Binyawmene
Sophomore
- Joined
- Jun 4, 2023
- Messages
- 493
- Reaction score
- 373
- Points
- 63
- Location
- Ohio
- Faith
- Reformed Christian. Trinitarian/Hypostatic Unionist.
- Country
- USA
In case you are not familiar with the rule concerning accusations of a logical fallacy, here it is.
4.4. Identify and address only one logical fallacy at a time. To ensure fair and orderly debate, members may identify only one alleged logical fallacy at a time in an opponent's argument. Additional accusations may not be introduced until the initial claim has been acknowledged and refuted or otherwise resolved. This prevents discussions from being overwhelmed by a cascade of accusations which, if addressed, would derail meaningful engagement. Fallacy accusations should be made in good faith, with evidence, careful attention to context, and a willingness to be corrected if mistaken.

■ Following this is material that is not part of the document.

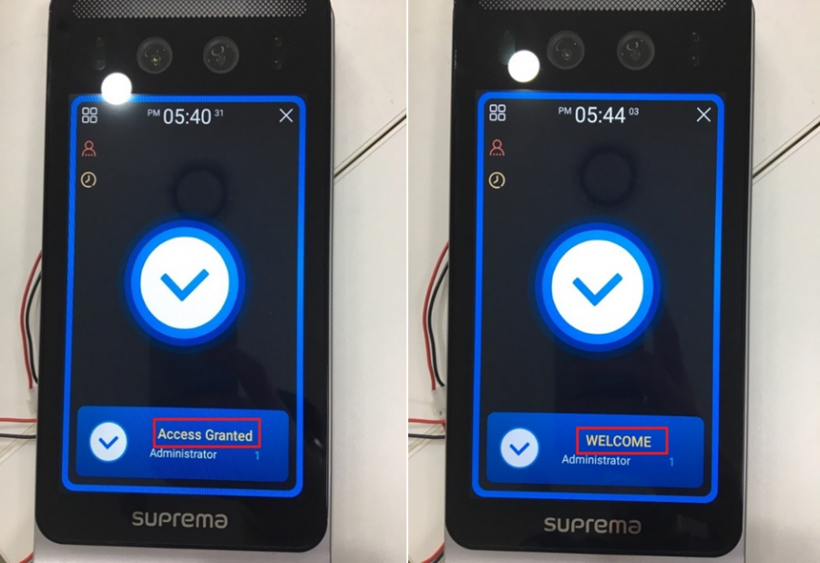 Old revisions Add to book Export to PDF Fold/unfold all Book Creator Add this page to your book Book Creator Remove this page from your book Manage book (0 page(s)) Help This is an old revision of the document! BioStar 2, device, text Changing the Device Text Message (English) [Before updating the resource file / After updating the resource file] It is possible to customize languages, or to change the message displayed on the device by configuring the device’s resource file. Follow the steps below to change the texts displayed on the device (Facestation F2). How to set up? 1. Download the Resource file zip folder that matches the device at [BioStar 2] Changing the Device Language (Translation) and unzip the zip folder. 2. Download the Resource Tool. It is located inside the latest resource file. 3. Open ResourceTool_IncludeFSF2.exe and run as administrator. 4. Press Open and choose the relevant resource inside the Resource file that fits the device. Select All file to search the resource file. Make sure that the device and the resource file’s firmware match. 5. Fill out the information at TagWrite (Firmware Version, Device Type, Card Type). Note that the DeviceType must match to read resources at BioStar 2. 6. Change the text under Resource Table for text customization displayed on the device by editing here directly. 7. The edited information can be saved by pressing Save. Make sure to save the files in Resource file format (.rc). Changing Language Display at English Setting While the device language is set at English, I will customize the “Access Granted” window to show “WELCOME” instead. Here is a demonstration of changing the resource to display a different value from the default. 1. Find the English section at the Resource Table. 2. Find “Access Granted” and double click to edit. Change to “WELCOME.” 3. Press Build. A .bin file will be created at the location of the Resource Tool. I will rename the file to FSF2_RES_WELCOME. 4. Copy the .bin to <Program Files → BioStar 2(x64) → resource>. Continue with administrator permission. 5. Login to BioStar 2. 6. Go to Device and choose the device to customize. 7. Go to Advanced → Display/Sound. Press Update Resources. If successful, this message will appear. 9. The device will reset after applying the resource file. Check to see if the customization is applied on the device through authentication. changing_the_device_language_or_device_text_message_english_.mp4

Members who have been called out for a logical fallacy are expected to address that specific charge in good faith, either conceding the point or demonstrating that no fallacy occurred by clarifying their reasoning. Unless the charge is addressed, the member may not continue participating in that thread. Ignoring or dismissing the allegation without engagement undermines meaningful dialogue. That being said, his post may continue engaging other points, as long as it includes an acknowledgement and resolution of the fallacy accusation.
You have accused me of five logical fallacies in the first paragraph of your post and have forced me into dealing with them before I can go any a farther. Due to the fact that I am certain you were unaware of the rule (but now you are so any further misuse that rule will be duly noted) I will deal with them in separate posts and simply post the rule above each one since you will likely not be reading them in order of their posting; the last posting being the first in the alerts.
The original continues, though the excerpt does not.